Main Body:
The aggregation of large datasets from museum records and community science provides a valuable resource for macroscale ecological analyses. However, such data include spatiotemporal and taxonomic biases that must be addressed (Troudet et al. 2017; Ries et al. 2019). Given these biases, proper data curation and appropriate modelling strategies are necessary to ensure valid inferences.
Fric et al. 2020 used occurrence data for 100 species aggregated in the Global Biodiversity Information Facility (GBIF) in temperate regions of North America and Europe to track phenology across latitudes. Estimating phenology metrics and trends from large occurrence datasets is possible, but requires sufficient data density and appropriate statistical methods (Taylor and Guralnick 2017). The data from this study were frequently too sparse and insufficiently curated to estimate phenological patterns across latitudes. Further, using regression of residuals resulted in spurious patterns; after correcting for altitude and year, onset and termination phenology appeared the same at low and high latitudes for most species, contrary to previous findings (Karlsson 2014, Matechou et al. 2014). We show that applying appropriate data curation and methods, most species demonstrated later onset and shorter flight periods at higher latitudes.
Many species analyzed (in 105 datasets separated by continent) in Fric et al. (2020) had insufficient data for independent analysis. Data were analyzed with as few as 15 occurrence records across >20 degrees latitude and >100 years. Phenological “onset” and “termination” of flight periods were extracted simply as the first and last day-of-year (DOY) values within latitudinal bands, pooled across all years and altitudes. Pooling data increased spatiotemporal bias, lowered the resulting power to detect patterns, and resulted in only one observation date being used as both “onset” and “termination” of flight periods (resulting in one-day flight periods and “peak flight”) in an average of 20% of latitudinal bands per species (Figure 1).
Fric et al.’s data curation was inadequate regarding spatial precision and outlier detection. Altitudes were extracted using imprecise GIS coordinates, sometimes representing sea floor or vague place names (eg, ”Mt Shasta”) and skewed left, giving high altitude observations outsized leverage in regressions. Temporal outliers were problematic; one species’ onset at 68° N was in January, when the next occurrence across all latitudes was in June. No sources were cited for species traits, and we found evidence documenting additional generations in portions of their range for 22 species identified as obligate univoltine (Supplemental Table 1).

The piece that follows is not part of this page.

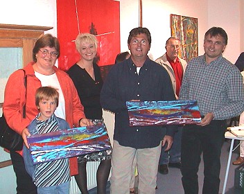 Rainer Schillings stellt aus - Bild an Gewinnerin übergeben V.l. Gewinnerin Elvira Müller mit Tochter, Petra Ostermaier von Mona Leasing, Rainer Schillings und Hubert Richter vom EBERBACH-CHANNEL bei der Gewinn-Überreichung. (Foto:C.Richter)(hr) Bilder von Rainer Schillings gibt es seit gestern abend bei Mona Leasing in der Hauptstraße 19 in Eberbach zu sehen. Der Hamburger Journalist, der seine Schulzeit in Eberbach verbrachte, malt farbenfrohe Acrylbilder, mit denen er seiner Lebensfreude Ausdruck verleihen will. Seine Hauptmotive entstammen der maritimen Welt. Die Ausstellung ist bis 30.September montags bis freitags von 14 bis 18 Uhr und samstags von 10 bis 14 Uhr geöffnet. Petra Ostermaier von Mona Leasing bietet die Bilder nicht nur zum Verkauf, sondern auch zum Leasing an. Weitere Infos git es unter Tel. (06271) 71976 oder per E-Mail (s.u.).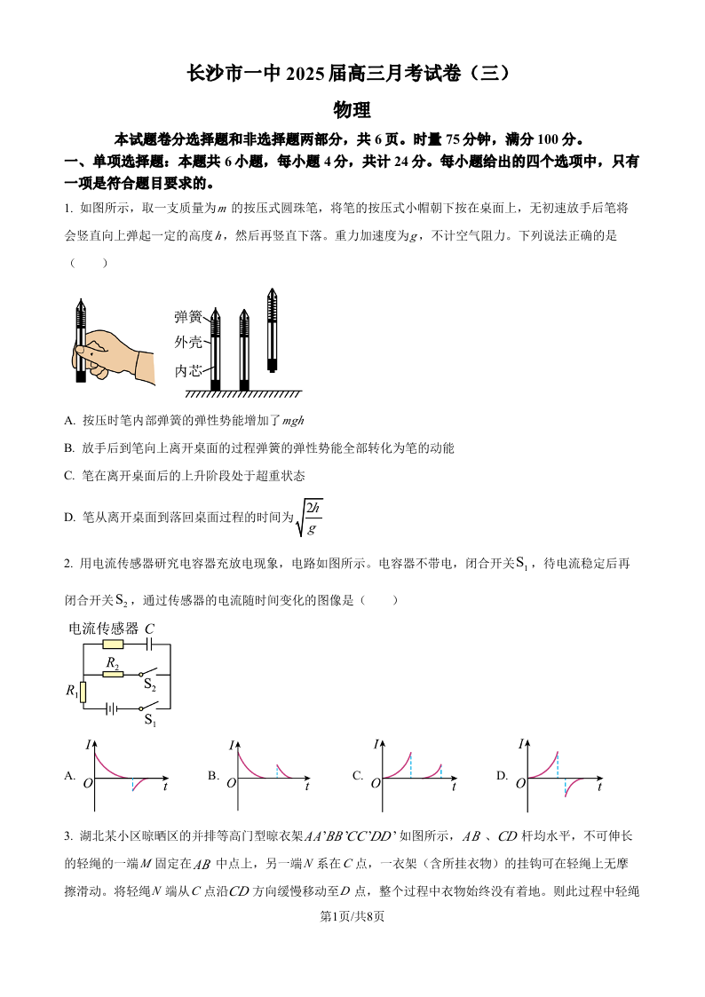 湖南省长沙市长沙一中2025届高三月考试卷(三)物理

Finally, the analytical approach in Fric et al. (2020) produced biased results. Beyond regressing individual species’ phenometrics against latitude, altitude, and year separately, regression of residuals was used for corrected regressions. This resulted in biased parameter estimates due to collinearity among explanatory variables and reduced statistical significance (Freckleton 2002). Results suggested most species’ onset (67 datasets) and termination (71 datasets) were similar across latitudes (Figure 2). These results were surprising, considering well-documented delayed and/or shortened flight periods at high latitudes (Karlsson 2014).
We sought to validate those results with a more robust analysis, applying stricter data standards and curation. For 72 species (76 datasets) we confirmed as univoltine, we filtered data for altitude (0-500m) and timing (March-November). We calculated phenometrics for year-latitude combinations with at least 10 observations. Only 22 datasets, all European, met these requirements in at least three latitudinal bands (Supplemental Table 1). For these, onset and termination were estimated from a Weibull distribution using R package phest (Pearse 2017) and bounded by days (60,330). To estimate unbiased parameters, we modeled each species phenometric using multiple regression (DOY ~ latitude + year) using R version 3.6.2 (R Core Team 2019). We compared our results to those from Fric et al. Supplemental Table 2.
We were unable to validate most patterns reported in the original study. Our results varied substantially in both onset and termination across species (Figure 2). In contrast to Fric et al. (2020), we found significantly later and/or shorter flight periods at higher latitudes for most species. These new results were consistent with the latitudinal gradient in climate and growing season length (Kobayashi et al. 2016). This evidence of inaccurate phenological patterns also discredits Fric et al.’s downstream trait analyses.
Despite this critique, we recognize that occurrence data have great potential to address many ecological questions. New aggregations of large datasets provide valuable inputs for macroscale ecological research, and the sheer amount of data accumulated across time and space may provide statistical power. However, “with great power must come great responsibility” (Lee 1962); robust scientific inference requires careful data curation and robust analytical models. Other phenology metrics are less confounded by abundance and effort (Belitz et al. 2020); integrated community models with random species effects or informed priors better suit community phenological analyses (Ellwood et al. 2012). We enthusiastically support continued digitization and use of collection data in ecological analysis, but urge researchers to exercise caution when using these data.